401 k plans represent a type of a retirement plan that is offered by almost all employers to their employees. If you participate in such a plan you are allowed to make monthly contributions from your salary. The good thing about such retirement plans is that the contributions are invested in a plan, which provides you with returns.

The contributions you make are pre-tax. Therefore, you enjoy a lower income tax. The plan usually includes different mutual funds to which employees can allocate their money.

An increasing number of employers have started to provide matching of contributions. Another benefit of 401k plans is that deposits and earnings made are deferred from taxes until you decide to withdraw the money from the account.

403 (b) Plan

403 (b) plans are a type of a retirement plan that carries most of the characteristics of 401k plans. However, they differ from the latter since they are generally for religious, educational and other groups, which are defined as non profit. The investments in 403 b plans are annuities. Thus, 403b plans are often referred to as annuity plans.

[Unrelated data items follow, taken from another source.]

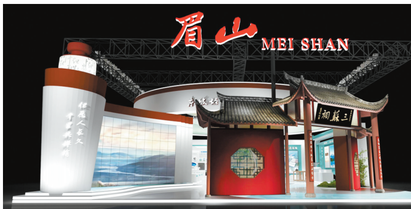
2024年“中国品牌日”眉山馆。

进入场馆，设计成水滴造型的多媒体设备引人注目。“一滴水可以见太阳，一个三苏祠可以看出我们中华文化的博大精深。我们说要坚定文化自信，中国有‘三苏’，这就是一个重要例证。”2022年6月8日，习近平总书记记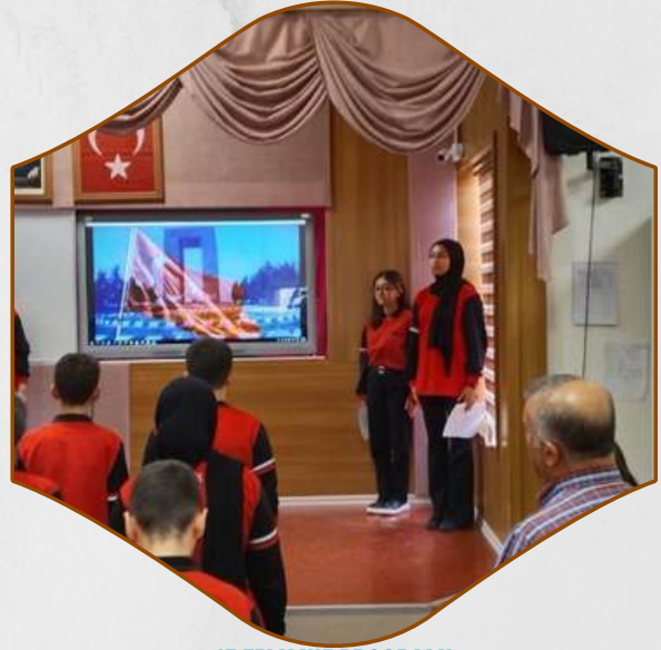
15 TEMMUZ PROGRAMI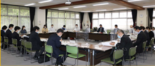
▲懇談会当日の様子

「中野区見守り活動通信」は、区と見守りに関する協定を締結している事業者の皆様の情報共有や連携をさらに進めていくために、年に2回発行しています。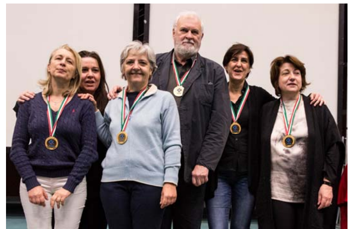
TITOLO SIGNORE 2016 FORNACIARI - BRIDGE REGGIO EMILIA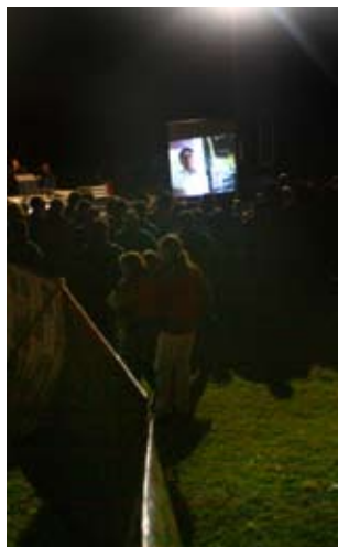
Izquierda: Proyección final al aire libre para todo el pueblo. Villa Ansina.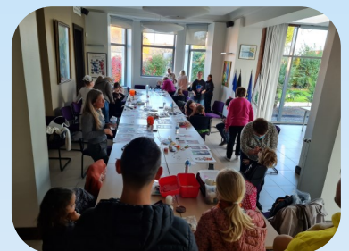
Séance maquillage pour Halloween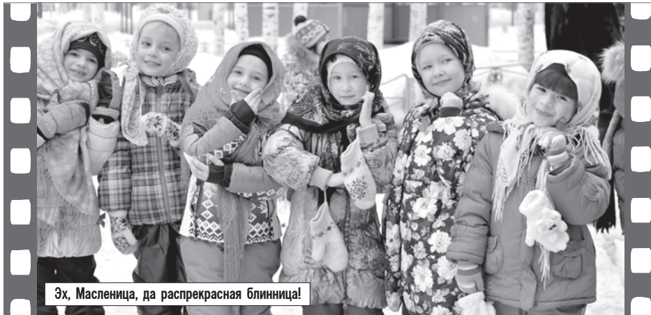
Эх, Масленица, да распрекрасная блинница!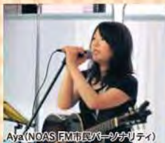
Aya (NOAS FM市民ホールサリテイ)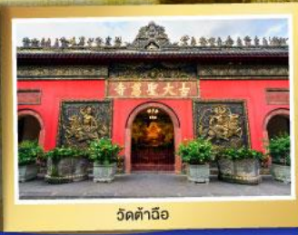
วัดต้าฉีอู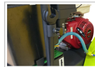
Incluye juego de herramientas incorporadas al equipo para fácil cambio de discos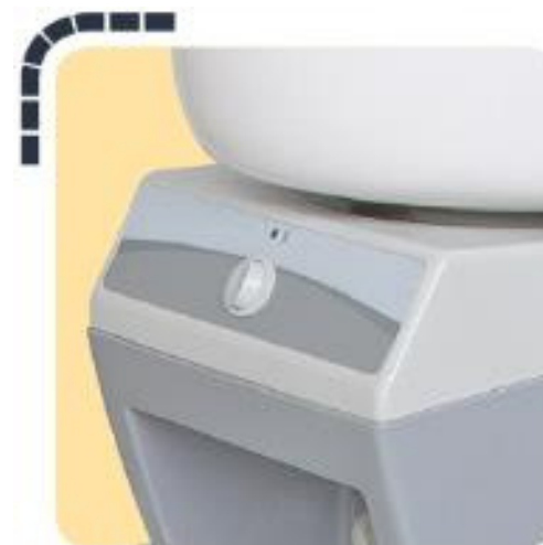
Calefacción de agua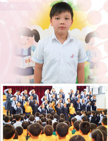
The Choral Speaking Team performing in the assembly.

We got second place in the 65th Hong Kong School Speech Festival. We all felt very happy. Our teachers gave us some pizza as an award. The pizza was delicious! I like eating pizza. I like choral speaking too.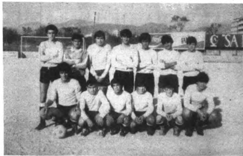
Equipo del Juventud Deportiva Inca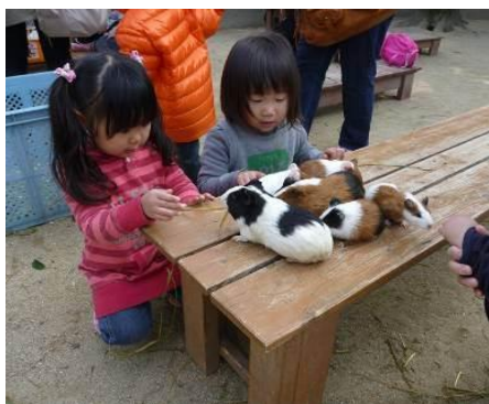
【小動物とのふれあい】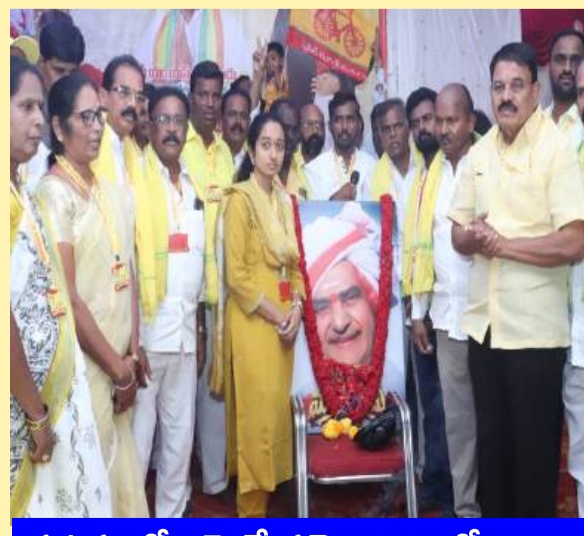
పుట్టపర్తిలో ఎమ్మెల్యే పల్లె ఆధ్వర్యంలో నివాళి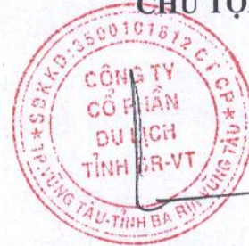
TRẦN TUẤN VIỆT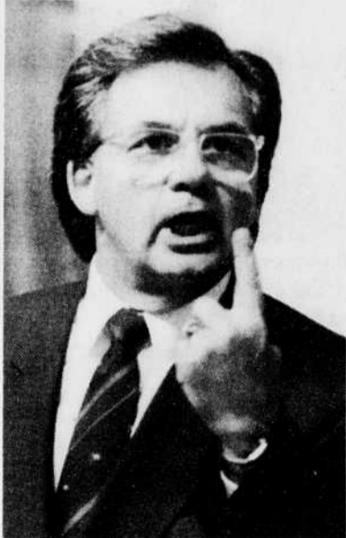
Yvon Picotte, ministre de l'Agriculture, des Pêcheries et de l'Alimentation

Mais quoi qu'il en soit, le ministre Picotte ne cache pas son impatience de voir le dossier constitutionnel réglé définitivement pour pouvoir passer à d'autres problèmes plus criants.

The contributions to 403b plans are deferred from taxes until you withdraw money from the account.

529 Plan

529 plans or qualified tuition plans are a form of tax-advantaged college savings plan. They are named after section 529 of the Internal Revenue Code.

529 plans are usually state-sponsored. However, universities and educational institutions may also form groups and sponsor their own 529 plans. The one who acquires the plan is called the donor, and the student that would use the saved funds or prepaid tuition credits is called the beneficiary.

529 plans may be sold directly by the state or the sponsoring group. However, they may also be obtained through brokers. In the case of the latter, you usually have to pay additional fees to cover the broker’s commission (the sales load).

Annual Report

By law all companies that are traded publicly are required to issue an annual report. The SEC requires the issuance of such a report each year and it should be provided to all the shareholders. The annual report includes information on the financial results the company has achieved throughout the fiscal year.

Many companies use annual reports as a way to state the positive results that have been achieved by the company’s management team. As a result, you can often find information on problems that have been experienced by the company in the footnotes.

In order to guarantee for the validity of the annual report an accredited accounting firm examines the report. If the report corresponds to the actual condition of the company the accounting form certifies the validity of the annual report.

Asset Allocation

When you establish your investment portfolio it is important to make the appropriate asset allocation. The latter represents the distribution of the assets you have available for investing in such a way that it is consistent with the financial goals you have predetermined. Asset allocation is usually done by allocating different proportions among stocks, bonds and cash.

Baby Boomers

Baby Boomers are the people that were born between the years 1946 and 1964. Their number is usually estimated to be around 76 million. This group of people combined has an outstanding reserve of buying and investing resources. As a result, many specialists give voice to the concern that the retirement of this group of people will have a profound impact on the economic conditions. Additionally, this will lead to deep social changes.

Balance Sheet

The balance sheet is an obligatory element of every company’s annual report. It includes information on a company’s:

These are tied to a particular time period. By referring to the balance sheet you can find out what is the real value of a company.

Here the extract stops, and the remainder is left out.